Latest update May 21st, 2024 12:59 AM
Mar 19, 2011 Letters
Dear Editor,
Let me provide an analogy that illuminates the complete breakdown in the legal process in Guyana, and unambiguously demonstrates how the rule of law and its enforcement has become a joke.
The police are summoned to the scene of an altercation involving two parties. On their arrival at the scene they observed marks of violence on one individual, severe damage to his property, and some broken windows from the house of the other party.
On interviewing both parties, the person with the injury reported that he was beaten by several persons from the other party, that his vehicle was damaged, and that several articles had been unlawfully removed from his vehicle. The other party, which comprised of several male individuals, reported that the injured person had broken the windows in the house.
Now policemen receive training on how to proceed in matters like these, where there might not be independent witnesses, and I will attempt to lay out what that training instructs, and what is consistent with the Laws of Guyana.
First, after examining the scene and the parties the police have to determine what crimes, misdemeanors or offences were committed. On one side of the scenario presented, there is the report of Assault Causing Actual Bodily harm, Unlawful Damage to Property and Larceny. On the other side, there is a report of Unlawful Damage to Property. The police are therefore compelled to gather evidence from the scene that substantiate the several claims of the parties.
The visible signs of violence on the person of one party establish grounds for a charge of Assault Causing Actual Bodily Harm against the assailant/s he identifies. The damage to his vehicle establishes a related charge against the person or persons he identifies as being responsible for the act. The larceny issue would need more in-depth investigation, but to ensure that evidence that will establish such crime is not tampered with or disposed of, the police would need to detain everyone identified as being involved in that crime, until a search warrant could be obtained to search the nearby premises.

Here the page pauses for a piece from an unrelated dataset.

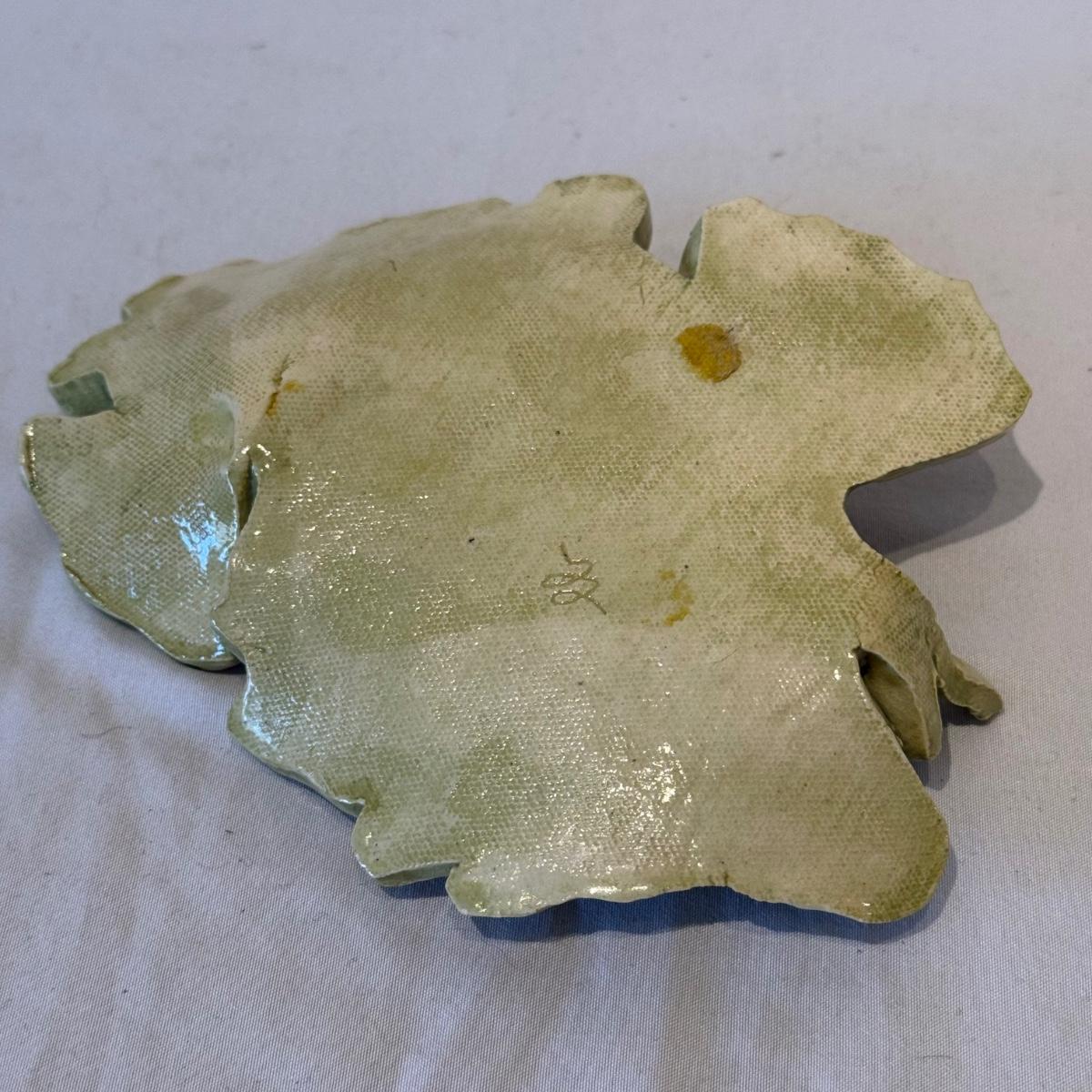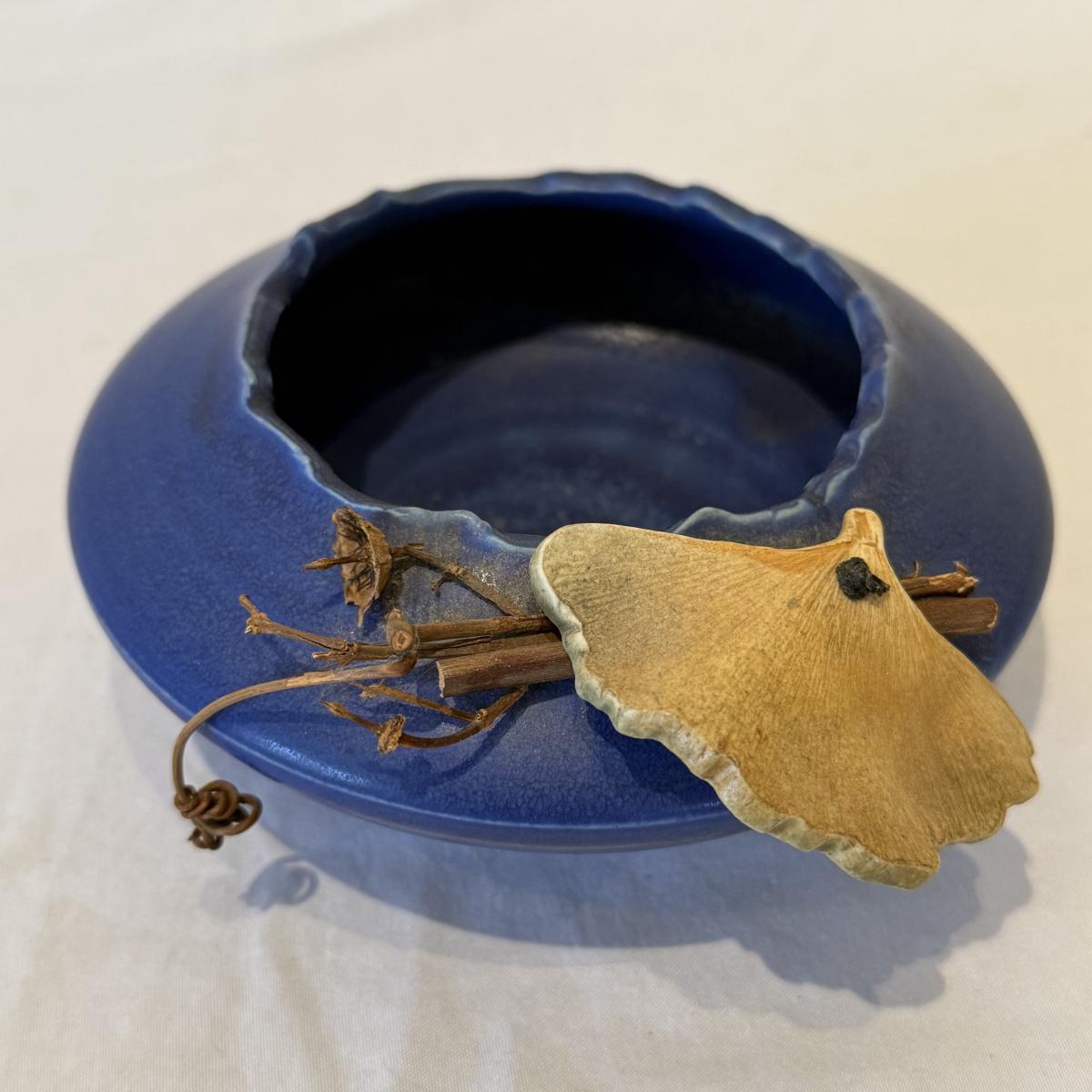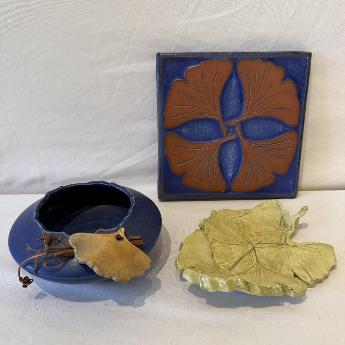 Three gingko leaf themed pottery pieces. The Asheville Tileworks tile is 6”sq. The small blue bowl is signed “K Stoner”, likely by potter Karen Stoner. It has a ceramic gingko leaf attached, as well as some other natural materials. A signed gingko ceramic soap dish is included as well.

The damage to the window would, as a matter of sheer commonsense, require further investigation, but the police would be acting in a fair manner if they gave equal attention to that report.

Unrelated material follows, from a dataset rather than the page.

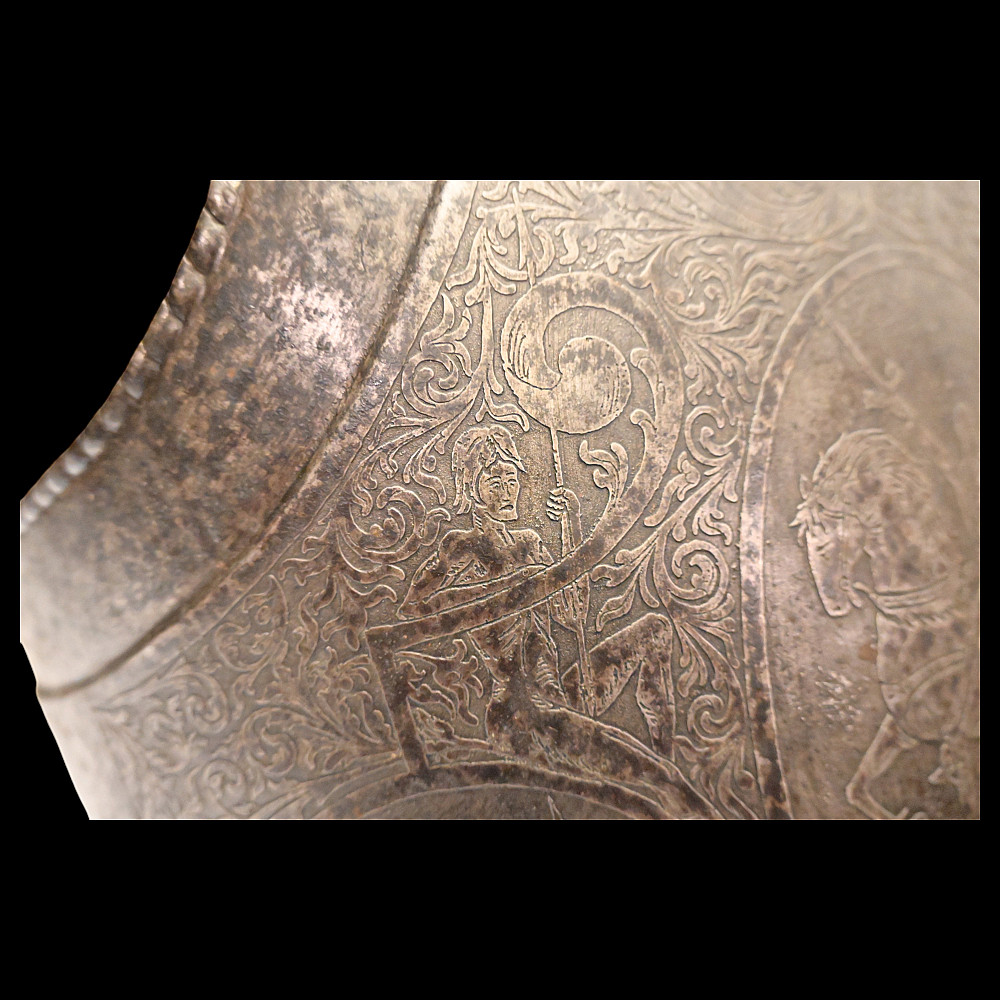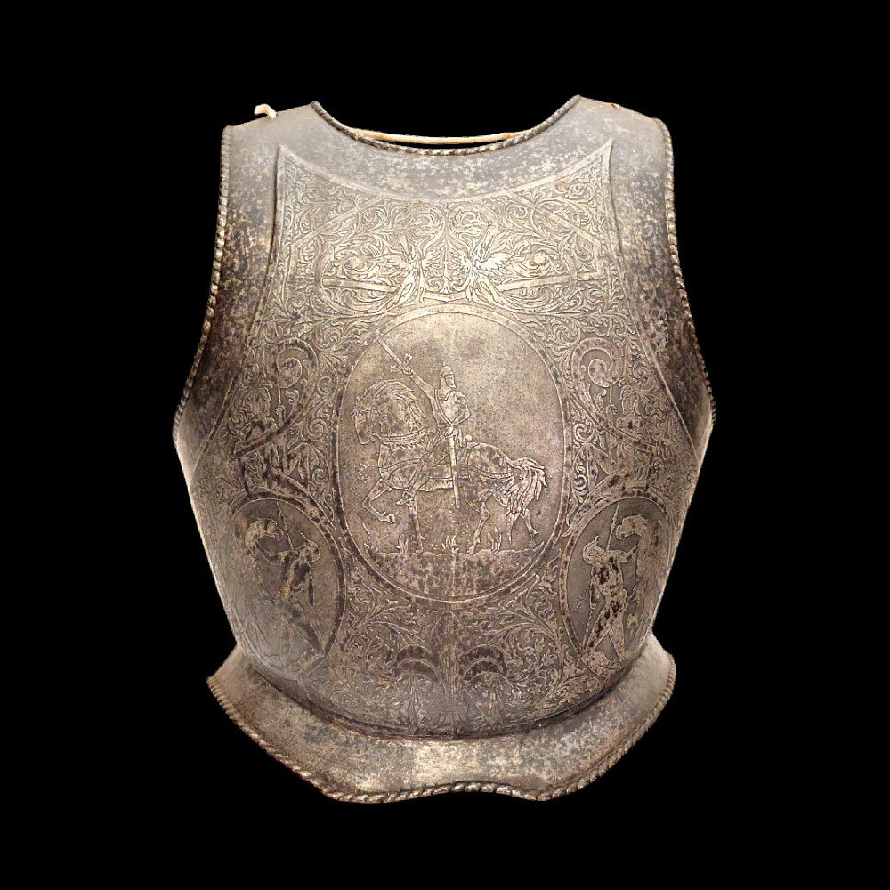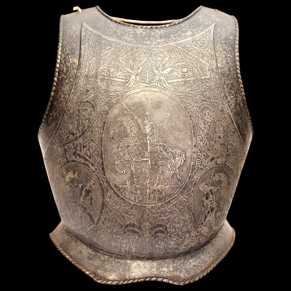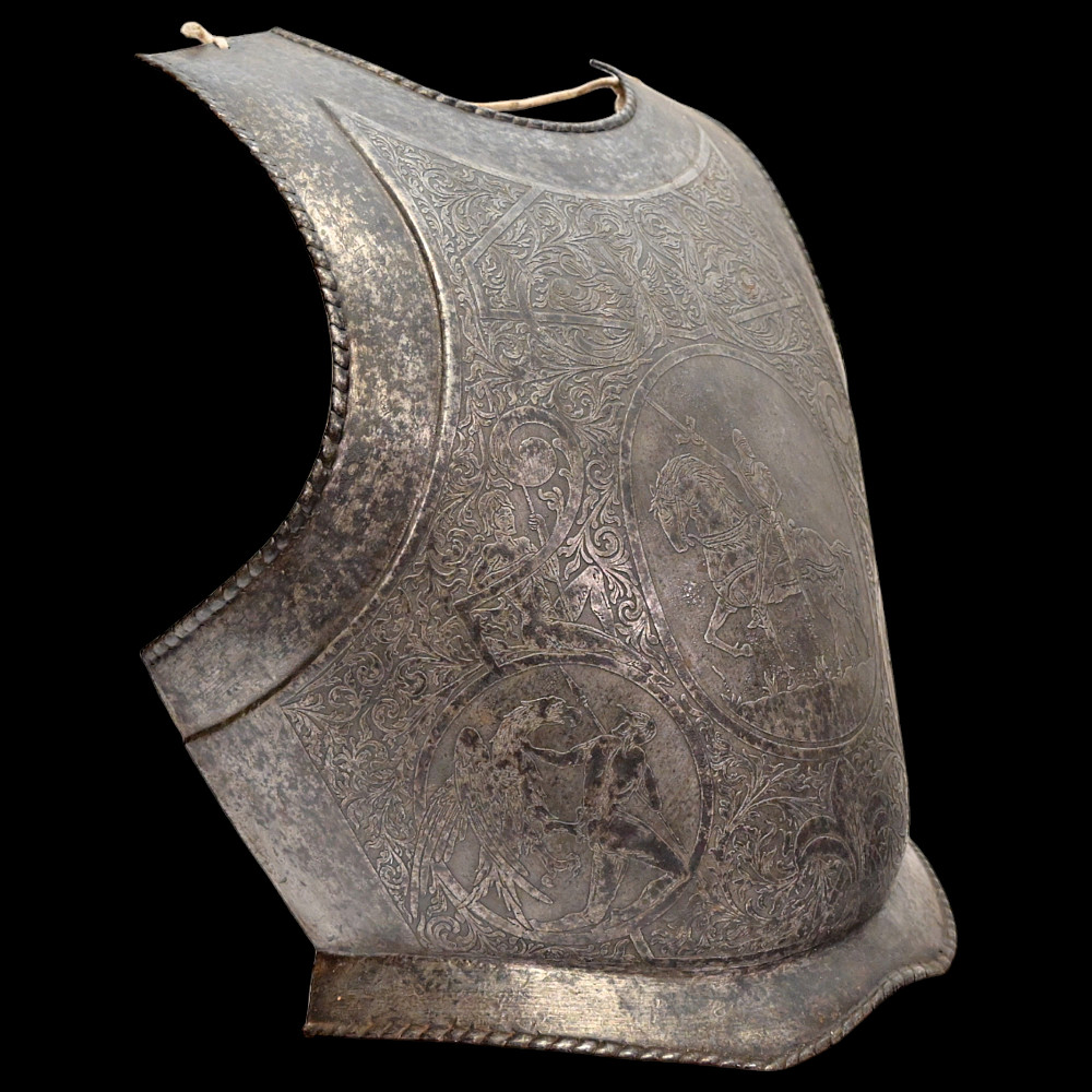 The Magnificent Steel Armor, Breast Plate in Renaissance Style, Germany 19th century. The breast plate is richly decorated with engraved plant ornamentation. The central medallion depicts a medieval knight on horseback. In the lower part there are two medallions depicting a warrior with a spear, who has entered into battle with a huge bird of prey. A fine armour in Renaissance Style in good condition. Height of breast plate 48 cm.

Now if the police arrive on the scene of an altercation and discover that one of the parties have sustained injuries that are visible to the eye, then they are duty bound to escort that person to a Government Medical Practitioner in order to procure expert evidence of the nature of the injuries, as well as having the injuries attended to.
Statements should be taken from everyone involved, including any witnesses that might have been in a position to see and hear what transpired.
The police have the power to arrest anyone without warrant whom anyone else accuse of committing a crime or a misdemeanor. The statement of a virtual complainant identifying the source of his injuries along with a medical report setting out the details of such injury, even if they simply amount to bruises and abrasions, is enough to charge that source identified with Assault Causing Actual Bodily Harm. This is one of the most routine charges made by police in every part of Guyana.
Now I do not need to point out the incident upon which my aforementioned thoughts piggy back. When one objectively and impartially weighs the claims and evidence in the incident involving Mark Benschop and Presidential advisor Kwame McCoy, there is no question that the proceedings should have taken a course akin to what is laid out above.
That it did not clearly establishes that the ranks attending that scene were being unfaithful to the oath they took to discharge their duties without favour or affection, malice or ill-will. In this case the treatment of Mark Benschop is evidence of malice in the actions of the police, while the treatment of Kwame McCoy and his entourage was a classical expression of the favour and affection they swore to avoid in the execution of their duties.
The police are not empowered or authorised to determine the guilt or innocence of persons, and thus should not allow their investigations and prosecution of crimes to be accompanied with actions and emotions that suggest, even slightly, that they are doing just that.
The Courts of Guyana is the only forum authorised to determine the guilt or innocence of persons. That one of the parties involved in that incident is connected to the highest political office in Guyana glaringly highlights the political coercion that attends every action or non action of law enforcement in Guyana. That the holder of that office, who has never been shy about lecturing the nation on the importance of due process and the rule of law, is obviously unperturbed by this happening demonstrably manifest the Orwellian transformation of Guyana. To quote the words of Lewis Powel Jr. a former Judge on the US Supreme Court, “Equal justice under the law is not merely a caption on the facade of the Supreme Court building; it is perhaps the most inspiring ideal of our society. It is one of the ends for which our entire legal system exists…it is fundamental that justice should be the same, in substance and availability, without regard to economic status.” Sadly in Guyana we have crossed the Rubicon to another side, where such lofty ideals have now become old fashioned and out of date.